Tuesday, April 27, 2021


If I'm asked, "Do you believe Jesus can do physical healing today? I always say, 'Yes! He's the same yesterday, today and forever!' Then when I'm asked if He can deliver the homeless addict on the street? I drop my head and mumble something like, "They have to be at their bottom, and we can't make them get clean until they're ready, they have to be willing."
But that’s what everyone says, but we never know when that moment may come, and when it does it will be because many before us had hope and ministered to them; and maybe, just maybe, we will be the one that adds the final word and they repent.


 

Saturday, April 24, 2021


  "Love, where it is unobstructed, is always a joy. It is the deepest of all joys - the joy of the heart. 

And yet who can fail to see that this love is a species of death? It only exists by reason of a complete surrender of the very thought of self; the man loses himself in the being of another. The joy of love is the actual fruit of sacrifice, and would have no being apart from sacrifice.  It is the joy of a spirit that has ceased to behold itself in the glass of consciousness. It is the joy of a spirit which has lost its personal care in taking up the care of another, and which has found it's own burden to fall in the lifting of a burden which is not its own. (What parent cannot see this principle in sacrificing for one's own children? The principle is the same with all those we sacrifice for.

Jesus said, "Take my yoke upon you, and you shall find rest." The yoke which He asked his followers to take was the burden of humanity. He told them to enter into His own spirit of universal love. He did not conceal from them that this yoke would bring a load of universal care, but He said that the universal care would destroy the individual care and to the personal life bring rest: the new yoke would be easy and the new burden light. This thought pervades the parting utterances, "These things I have spoken to you, that My joy may remain in you, and that your joy may be full." Peace I leave with you, My peace I give to you; not as the world gives give I unto you."

Jesus bequeathed to His followers a peace He possessed; Christ's peace was in the Cross, and it was in it for this reason that His Cross was made, not of wood, but of love. The cause of His suffering was the source of His individual rest. He had become oblivious of all personal pain, because love had given Him a pain that was impersonal; the throbbing of the pulse of humanity still His own.

  The object of Christ's love was humanity itself; not intellectual humanity, not aristocratic humanity, but suffering humanity, in every grade and of every order. The class to which He appealed was that of the laboring and heavy-laden, a category which, comprehending as it does the whole family both of active and of passive sufferers is absolutely coextensive with the universal life of man. It is as if He had said: you think that my kinghood is disproved by the burdens that I bear. I tell you that it is the bearing of these burdens that makes me a King. The new power which I bring into the world is a power of love, and therefore a power of sacrifice. This cross I carry, so far from being an obstruction to the realization of my kingdom, is itself the very scepter of that kingdom. That which I have won, that which I offer to My followers, is not the power to avoid the calamities of life, but the power to lift these calamities.
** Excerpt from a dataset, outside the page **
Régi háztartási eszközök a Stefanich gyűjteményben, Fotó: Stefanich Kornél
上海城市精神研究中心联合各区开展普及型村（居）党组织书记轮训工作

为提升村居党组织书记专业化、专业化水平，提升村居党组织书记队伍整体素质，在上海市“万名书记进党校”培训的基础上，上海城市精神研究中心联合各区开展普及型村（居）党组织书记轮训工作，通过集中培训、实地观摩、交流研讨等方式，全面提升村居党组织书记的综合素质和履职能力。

I offer to make each man king in proportion as he becomes a priest, bears witness in his own life to the truth of sacrifice. He shall be free and fearless and independent in proportion as he has died to self interest, lost the thought of self in the thought of another, succumbed to the burden of love; that is the power which has made Me king!" 
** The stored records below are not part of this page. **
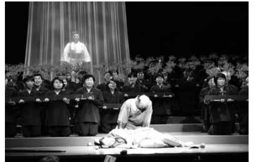
▶合唱オペラ「ごんぎつね」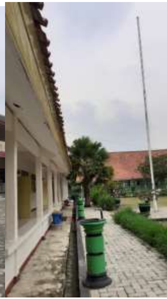
“TEMPAT CUCI TANGAN”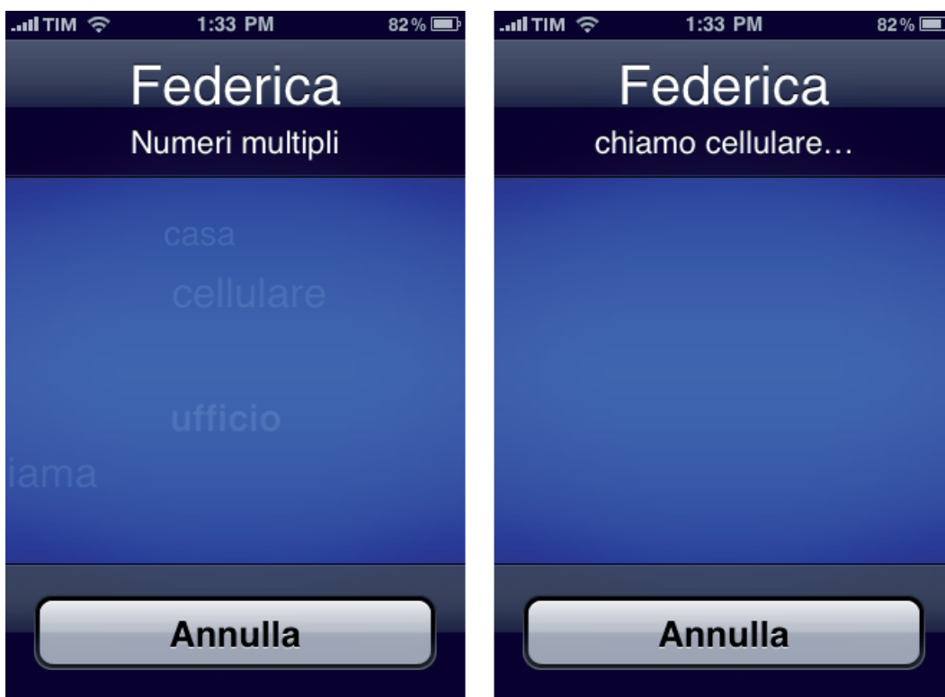
Figura 2: il controllo vocale è in grado di riconoscere riferimenti multipli nella rubrica indirizzi

Per eseguire una chiamata, magari richiamando un nome della rubrica indirizzi, pronunciate “ Chiama ” seguito dal nome di battesimo della persona, oppure scandite semplicemente il nominativo. L’iPhone è molto intelligente ed è in grado di trovare riferimenti multipli come visibile in figura 2 . Per esempio, se avete più di un amico che si chiama Federica, l’iPhone vi domanderà quale volete sentire leggendovi nome e cognome. Se poi il soggetto selezionato ha più di un telefono in rubrica, vi chiederà anche se preferite telefonare a casa, in ufficio o sul cellulare.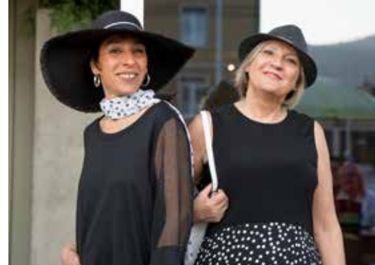
Ob Schwarz, Pastell oder knallig in Pink: Der Modesommer hat farblich viele Gesichter. Und der Hut ist mehr als nur Schattenspende.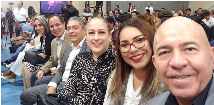
14 DE NOVIEMBRE 2019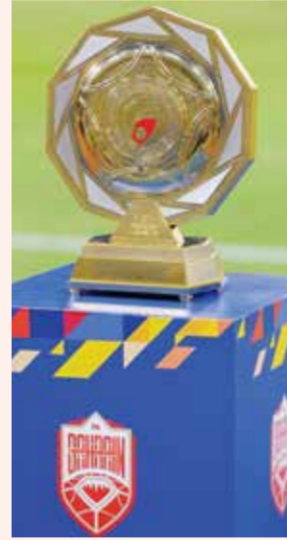
○ درع الدوري.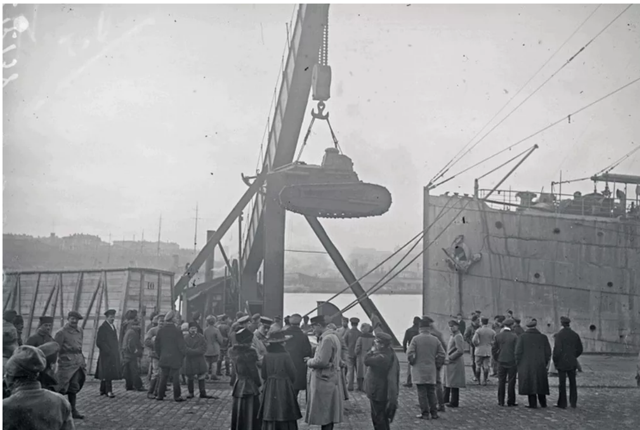
Vykládka francouzské vojenské techniky v přístavu Odesa, 1918.

Do konce prosince dorazilo do Oděsy asi 15 000 francouzských vojáků, včetně senegalských, marockých a alžírských vojáků z francouzských kolonií v Africe.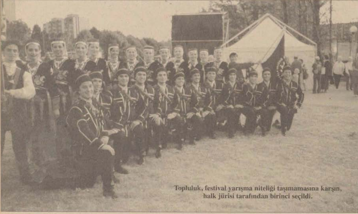
Topluluk, festival yarışma niteliği taşımamasına karşın, halk jürisi tarafından birinci seçildi.

Üniversitemiz Halkdansları Topluluğu, uluslararası bir folklor festivali için gittiği Polonya'da yine göz kamaştırdı.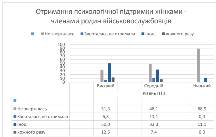
Рис. 6. Аналіз рівня отриманої психологічної підтримки жінками - членами родин військовослужбовців

закінчення страждання чи болю. Багато осіб, які зазнали руйнівних трагедій, здатні сформувати відчуття особистісного зростання з власної напруженої боротьби, однак такий кінцевий результат (зростання) не говорить про те, що вони розглядають травматичну подію як бажане явище [7].

George Matheson - "Landmarks of New Testament Morality." 

Friday, April 23, 2021

  "Whether we realize it or not, most of us that struggle with much of Christendom today are trying to distance ourselves from religious hostility. By hostility I mean opposition, the sense that the other is the enemy. Hostility makes one unwilling to be a host. The other must be turned away, kept at a distance as an unwanted outsider, not welcomed in hospitality as a guest or friend. Hostility is an attitude of exclusion, not embrace; of repugnance, not respect; of suspicion, not extending the benefit of doubt; of conflict, not sociability or conviviality."

  How do we disassociate from the hostility without abandoning the identity? How do we remain loyal to what is good and real in our faith without giving tacit support to what is wrong and dangerous? How do we, as Christians, faithfully affirm the uniqueness and universality of Christ without turning that belief into an insult or weapon?

How do you distinguish yourself from those who need enemies to know who they are?" 

Brain McLaren from the book "Why Did Jesus, Moses, the Buddha, and Mohammed Cross the Road?" 



    "There is something real and good in my faith -- a call to love God and neighbors that I can't abandon without feeling a pang of betrayal. There is also something wrong with my faith: a vague hostility toward the cherished religions of my non-Christian neighbors that I can't exactly support without feeling an equal and opposite pang of betrayal. To accept and love God, must I betray my neighbor of another religion? 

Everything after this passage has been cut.